Bernd Schmidt Oct. 9, 2015, 11:06 a.m. UTC | #1
Hi Robert,
> gcc/
> 	* regrename.c (create_new_chain): Initialize terminated_dead,
> 	renamed and tied_chain.
> 	(find_best_rename_reg): Pick and check register from the tied chain.
> 	(regrename_do_replace): Mark head as renamed.
> 	(scan_rtx_reg): Tie chains in move insns.  Set terminate_dead flag.
> 	* regrename.h (struct du_head): Add tied_chain, renamed and
> 	terminated_dead members.

Thanks - this looks a lot better already.
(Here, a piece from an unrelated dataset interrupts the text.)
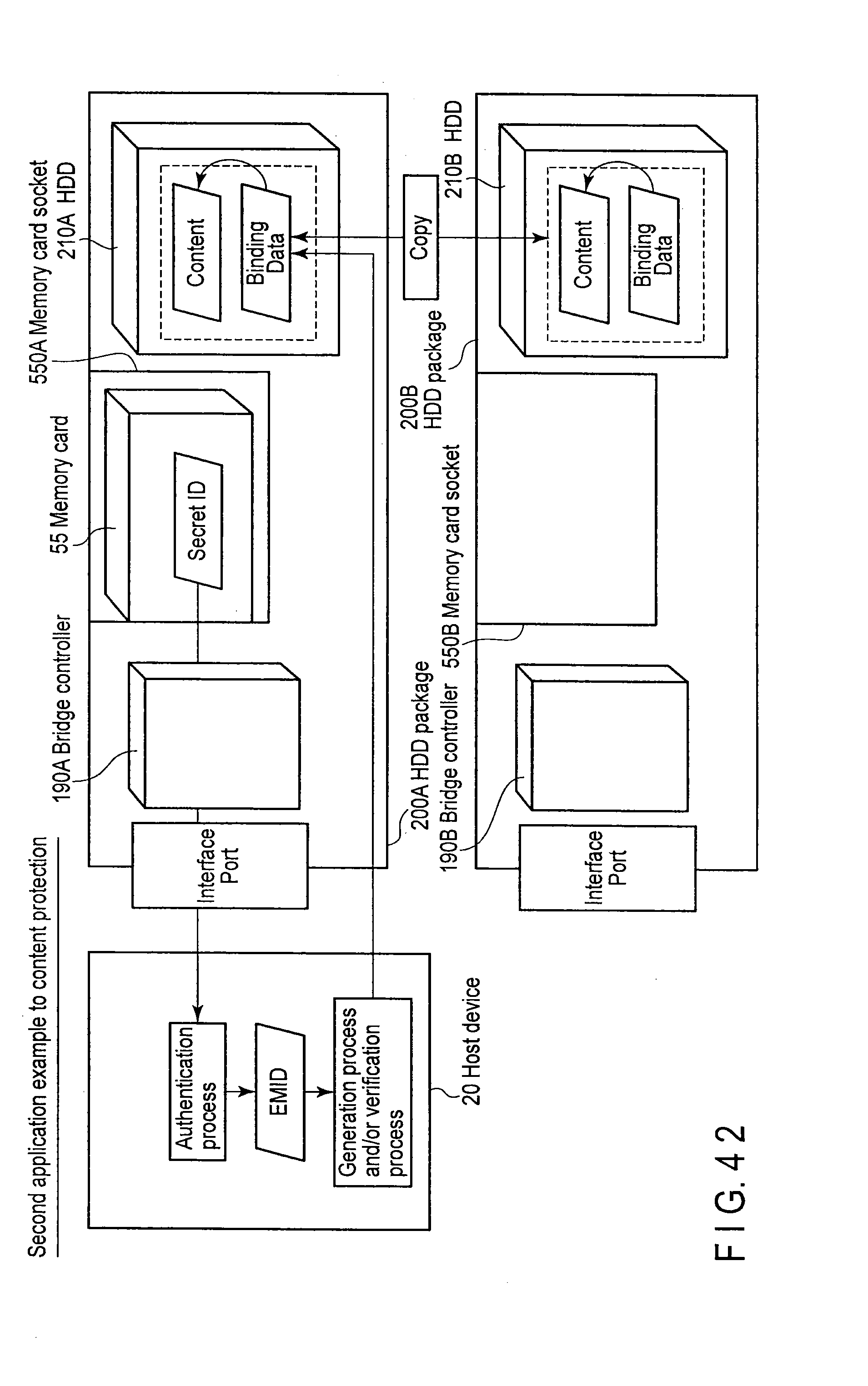 Further, as an application example applicable to the host device 20 having the card socket 550, if a plurality of the similar host devices 20 exists, content can be reproduced by any of the host devices 20 by connecting the memory card 55 and the HDD package 200 to the other host device 20. Content and Binding Data may be recorded in the card 55, instead of the HDD 210, or in both.

You didn't say how it was 
bootstrapped and tested; please include this information for future 
submissions. For a patch like this, some data on the improvement you got 
would also be appreciated.

I'd still like to investigate the possibility of further simplification:

> +	    {
> +	      /* Find the input chain.  */
> +	      for (i = c->id - 1; id_to_chain.iterate (i, &head); i--)
> +		if (head->last && head->last->insn == insn
> +		    && head->terminated_dead)
> +		  {
> +		    gcc_assert (head->regno == REGNO (recog_data.operand[1]));
> +		    c->tied_chain = head;
> +		    head->tied_chain = c;
> +
> +		    if (dump_file)
> +		      fprintf (dump_file, "Tying chain %s (%d) with %s (%d)\n",
> +			       reg_names[c->regno], c->id,
> +			       reg_names[head->regno], head->id);
> +		    /* Once tied, we're done.  */
> +		    break;
> +		  }
> +	    }
> +	}
> +
This looks like it's a little more complicated than necessary. Couldn't 
you add a static var "terminated_this_insn" which gets initialized to 
NULL and set when a reg dies, and then you check this here rather than 
having a loop? That would also eliminate the new "terminated_dead" field.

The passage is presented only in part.